Ihre Anfrage beantworte ich aufgrund des dargestellten Sachverhaltes wie folgt:

1. Eine Garantie auf ihren angestammten Arbeitsplatz, wenn sie aus ihrem Erziehungsurlaub zurückkehrt, besteht grundsätzlich nicht ( Urteil des Landesarbeitsgerichts Schleswig-Holstein, AZ: 4 Sa 497/00).

Der Arbeitgeber kann hierbei von seinem Direktionsrecht im Rahmen der arbeitsvertragliche Regelung Gebrauch machen und Sie auf eine vergleichbare Position als Pädagogin einsetzen.

D.h. Sie haben keine Garantie, auf ihren angestammten Arbeitsplatz zurückzukehren, wenn sie aus dem Erziehungsurlaub zurückkehrt. Ver- und Umsetzungen richten sich vielmehr nach den allgemeinen Regeln. Insoweit wird die neue Zuteilung einer anderen Gruppe im Rahmen der Anstellung als Pädagogin von dem Direktionsrecht des Arbeitgebers umfasst sein.

2. Hinsichtlich der veränderten Arbeitszeit kann der Arbeitgeber im Rahmen seines Weisungsrechts die Lage der täglichen Arbeitszeit bestimmen.

Bei der Bestimmung der Lage der Arbeitszeit muss der Arbeitgeber auf Ihre Interessen Rücksicht nehmen. Er muss Ihre Sorgepflichten beachten. Insoweit brauchen Sie nicht damit zu rechnen, dass Sie bei ihrer Rückkehr aus dem Erziehungsurlaub die Lage ihrer täglichen Arbeitszeit geändert hat.

Insbesondere eine Verlegung der Arbeitszeit auf das Wochenende entspricht nicht mehr billigem Ermessen. Der Arbeitgeber überschreitet seine Weisungsbefugnis, wenn Ihnen die Lage der Arbeitszeit nach billigem Ermessen nicht mehr zugemutet werden kann, was hinsichtlich der Verlegung auf das Wochenende als Alleinerziehende regelmäßig der Fall sein durfte.

Etwas anderes gilt hingegen nur, wenn sich aus dem Arbeitsvertrag ergibt, dass die Arbeitszeit auch am Wochenende liegen kann.

3. Eine Regelung mit dem Arbeitsgeber ist sicherlich erstrebenswert. Inwieweit sich jedoch die Arbeitszeiten auf Ihre Bedürfnisse werden anpassen lassen, vor dem Hintergrund der vorgegebenen Kurszeiten, ist fraglich. Möglicherweise sollten Sie, soweit vorhanden, den Betriebsrat fragen, vorher aber noch mal mit Ihrer Chefin, abklären, ob nicht doch eine Änderung der Arbeitszeit möglich ist.

Sicherlich besteht auch immer die Möglichkeit, im Rahmen einer Einigung einvernehmlich aus dem Arbeitsverhältnis mit einer entsprechenden Abfindung auszuscheiden. Allerdings sind hierbei Aspekte im Hinblick auf das Arbeitslosengeld und der steuerlichen Belastung zu beachten.

Ich hoffe ich konnte Ihre Frage ausreichend beantworten.

Mit besten Grüßen

RA Schröter

Nachfrage vom Fragesteller 21.03.2006 | 13:42


Vielen Dank für die ausführliche Information.

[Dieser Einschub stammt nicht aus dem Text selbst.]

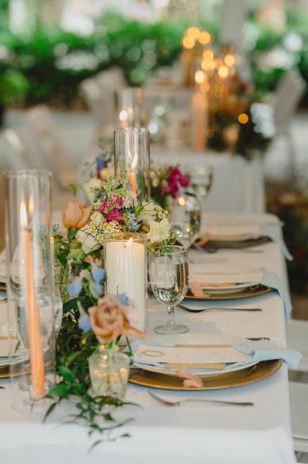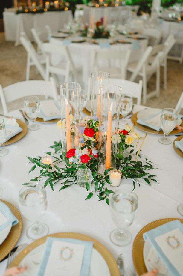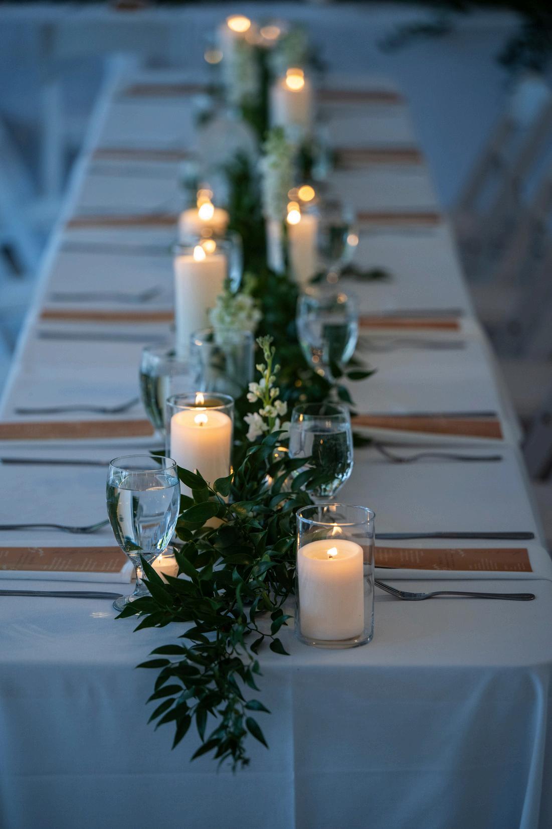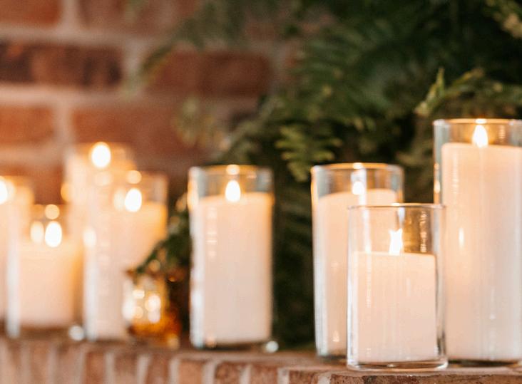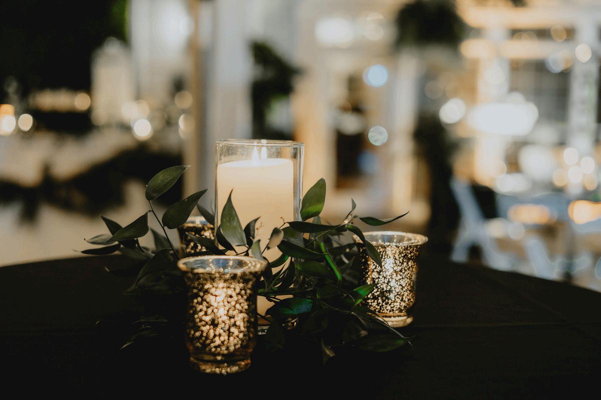 Floating or pillar candles, seasonal greenery, & gold or clear votives on cocktail & coffee tables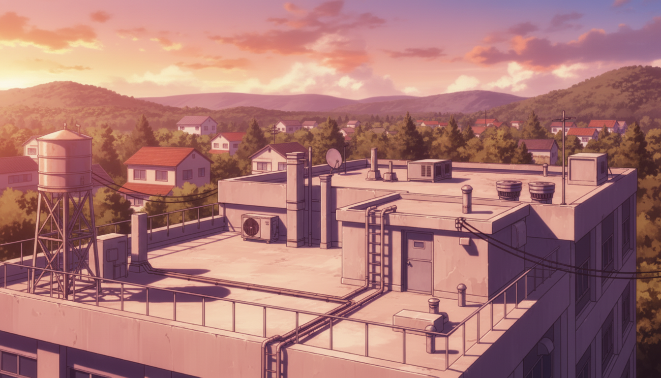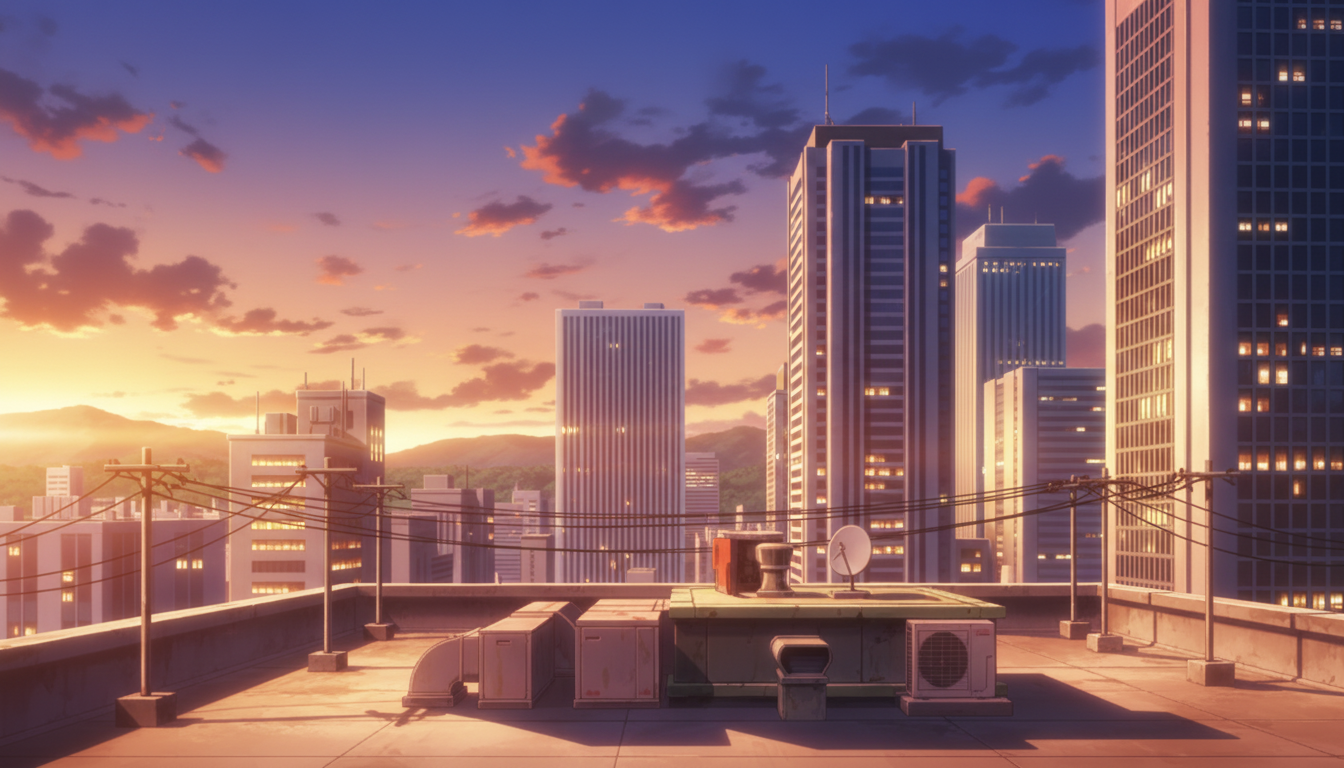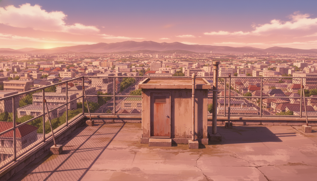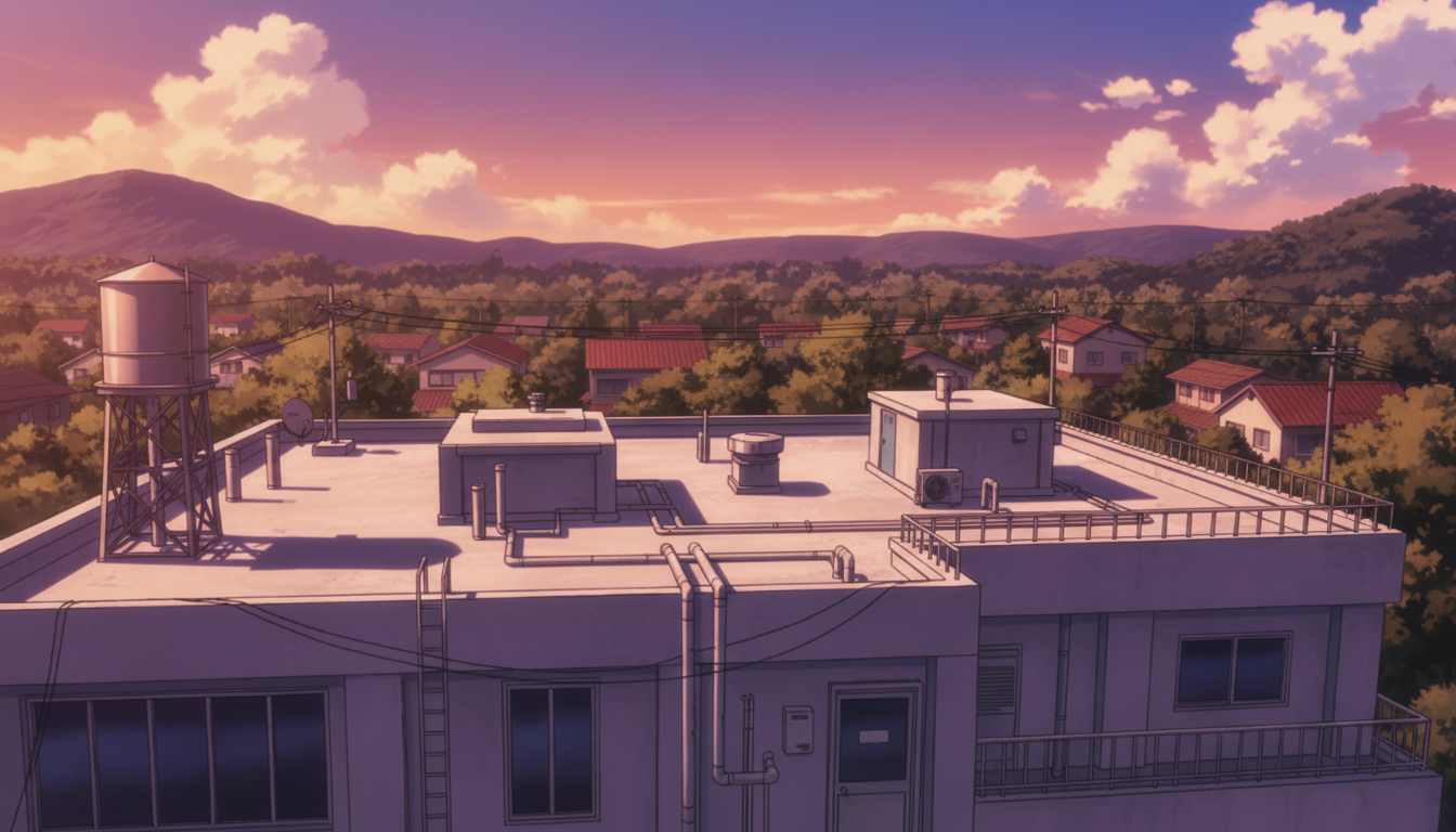 屋上の背景イラスト素材を無料配布。16:9の横長構図でPC向け作品に使いやすい背景イラストです。漫画・Webtoonやゲーム背景として商用・トレース利用もOK!

Eine kurze Nachfrage... Sie hatten Auswirkungen auf das Arbeitslosengeld und das Steuerrecht erwähnt.

Bzgl. des Stuerrechts ist mir klar, dass die Abfindungen ganz normal, ggf. innerhalb der Fünftel Regelung versteuert werden müssen.

Aber welche Auswirkungen gibt es hinsichtlich des Arbeitslosengeldes ?

Vielen Dank für die Beantwortung der Nachfrage.

Antwort auf die Nachfrage vom Anwalt 21.03.2006 | 21:16

Obgleich es sich hierbei um eine neue Frage handelt, gebe ich Ihnen einen kurzen Überblick. Soweit Sie vertiefte Informationen benötigen können Sie mich gerne per Email oder über die Online-Beratungsanfrage kontaktieren.

Hinsichtlich des Anspruches auf Arbeitslosengeldes gilt hier der Grundsatz, daß der Arbeitnehmer der eine Auflösung seines Arbeitsvertrages hervorgerufen hat bzw. verschuldet hat eine gewisse Sperrfrist in Kauf nehmen muß. Diese Sperrfrist kann bei einer entsprechenden Regeleung der Abfindung und Beachtungs der Kündigungsfristen vermieden werden.

Ich hoffe Ihnen hiermit einen Überblick gegeben zu haben.